Note that the least squares line always passes through the average of the response and explanatory variables \((\bar{x}, \bar{y}).\)
Use the above property to calculate the estimate for the intercept \((b_0)\) as

\[\begin{equation} b_0 = \bar{y} - b_1\bar{x}, \label{b0} \end{equation}\]

where \(b_1\) is the slope, \(\bar{y}\) is the average of the response variable, and \(\bar{x}\) is the average of explanatory variable.

Interpret the intercept as

“When \(x=0\), we would expect \(y\) to equal, on average, \(b_0\)”—when \(x\) is numerical.
“The expected average value of the response variable for the reference level of the explanatory variable is \(b_0\)”—when \(x\) is categorical.

Learning Objectives for OpenIntro Statistics, 3rd Edition Section 7.2

Predict the value of the response variable for a given value of the explanatory variable, \(x^*\), by plugging \(x^*\) into the linear model:

\[\hat{y} = b_0 + b_1 x^*\]

Only predict for values of \(x^*\) that are in the range of the observed data.
Do not extrapolate beyond the range of the data unless you are confident that the linear pattern continues.

Define \(R^2\) as the percentage of the variability in the response variable explained by changes in the explanatory variable.

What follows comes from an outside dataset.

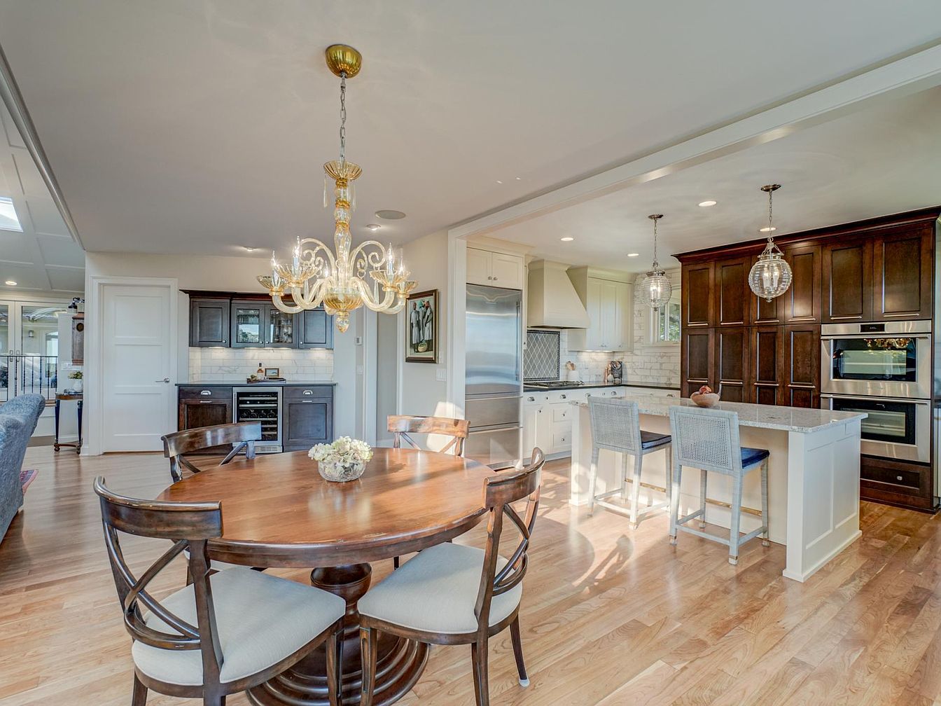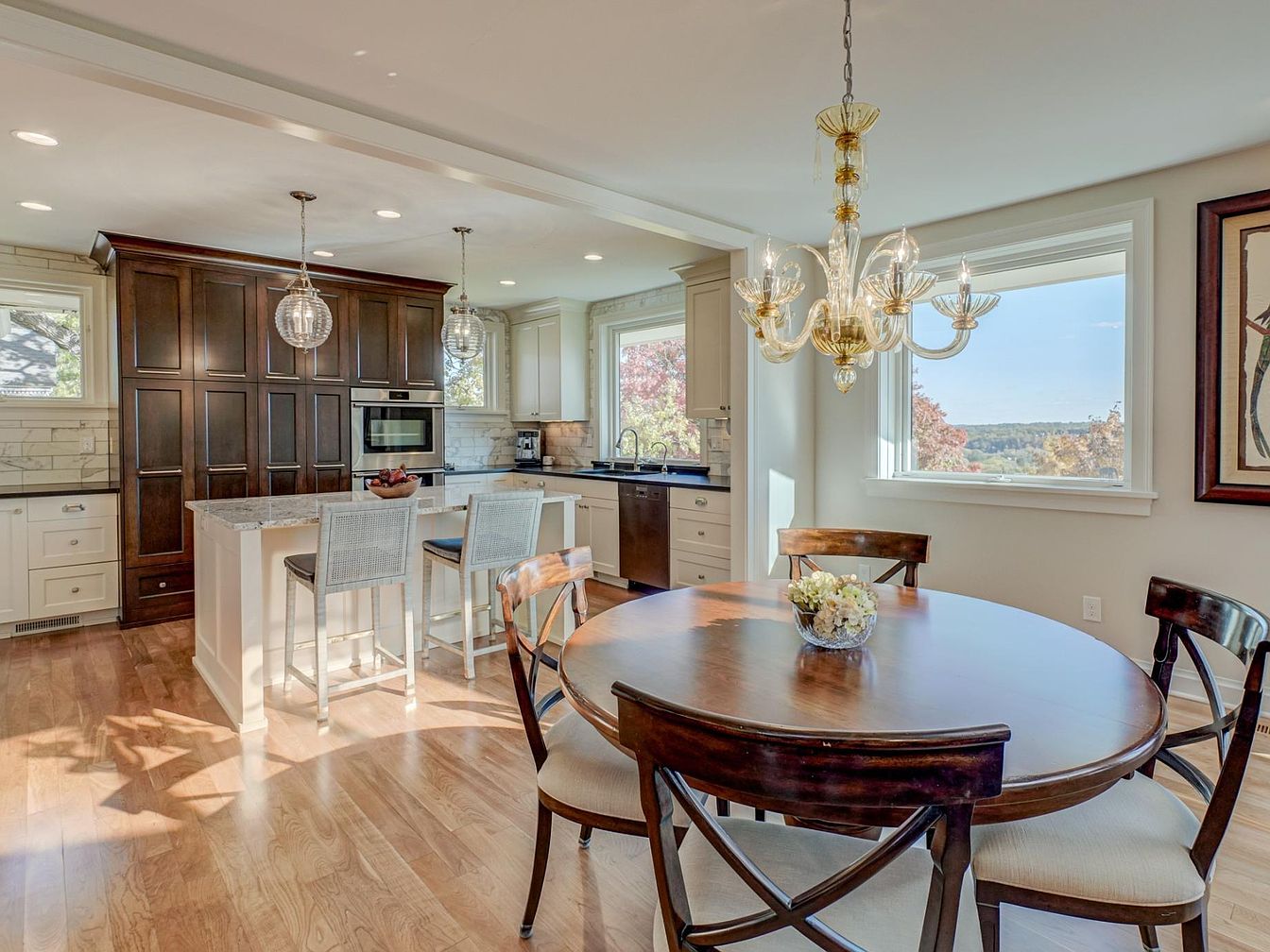 The kitchen features a spacious, open layout with a seamless flow to the dining area. Dark wood cabinetry contrasts elegantly with the lighter cabinetry and countertops, creating a warm yet modern feel. A round wooden dining table, surrounded by comfortable upholstered chairs, invites conversation. Above, a stunning chandelier adds elegance, complemented by pendant lights over the kitchen island, which has bar seating. Natural light floods the space through a nearby window, highlighting the hardwood flooring and subtle tile backsplash. Stainless steel appliances enhance the contemporary aesthetic, while decorative elements add a personal touch.

For a good model, we would like this number to be as close to 100% as possible.
\(R^2\) is calculated as the square of the correlation coefficient.

Test yourself:

A teaching assistant gives a quiz. There are 10 questions on the quiz and no partial credit is given. After grading the papers, the TA writes down the number of questions each student answered correctly. What is the correlation between the number of questions answered correctly and incorrectly? Hint: Make up some data for number of questions right, calculate number of questions wrong, and plot them against each other.
Suppose you fit a linear regression model predicting the score on an exam from the number of hours studied. Say you have studied for 4 hours. Would you prefer to be on the line, below the line, or above the line? What would the residual for your score be (0, negative, or positive)?
Someone hands you the scatter diagram shown below, but has forgotten to label the axes. Can you calculate the correlation coefficient?

Scatter plot 1

We would not want to fit a least squares line to the data shown in the scatterplot below. Which of the conditions does it appear to violate?

Scatter plot 2

Derive the formula for b₀ as a function of b₁ given the fact that the linear model is \(\hat{y}=b_0 + b_1x\) and that the least squares line goes through \((\bar{x}, \bar{y})\).
One study on male college students found their average height to be 70 inches with a standard deviation of 2 inches. Their average weight was 140 pounds with a standard deviation of 25 pounds. The correlation between their height and weight was 0.60. Assuming that the two variables are linearly associated, write the linear model for predicting weight from height.
Is a male who is 72 inches tall and who weighs 115 pounds on the line, below the line, or above the line calculated in question 6?
What is an indicator variable, and what do levels 0 and 1 mean for such variables?
If the correlation between two variables y and x is 0.6, what percent of the variability in y do changes in x explain?
The model below predicts GPA based on an indicator variable (0: not premed, 1: premed). Interpret the intercept and slope estimates in context of the data.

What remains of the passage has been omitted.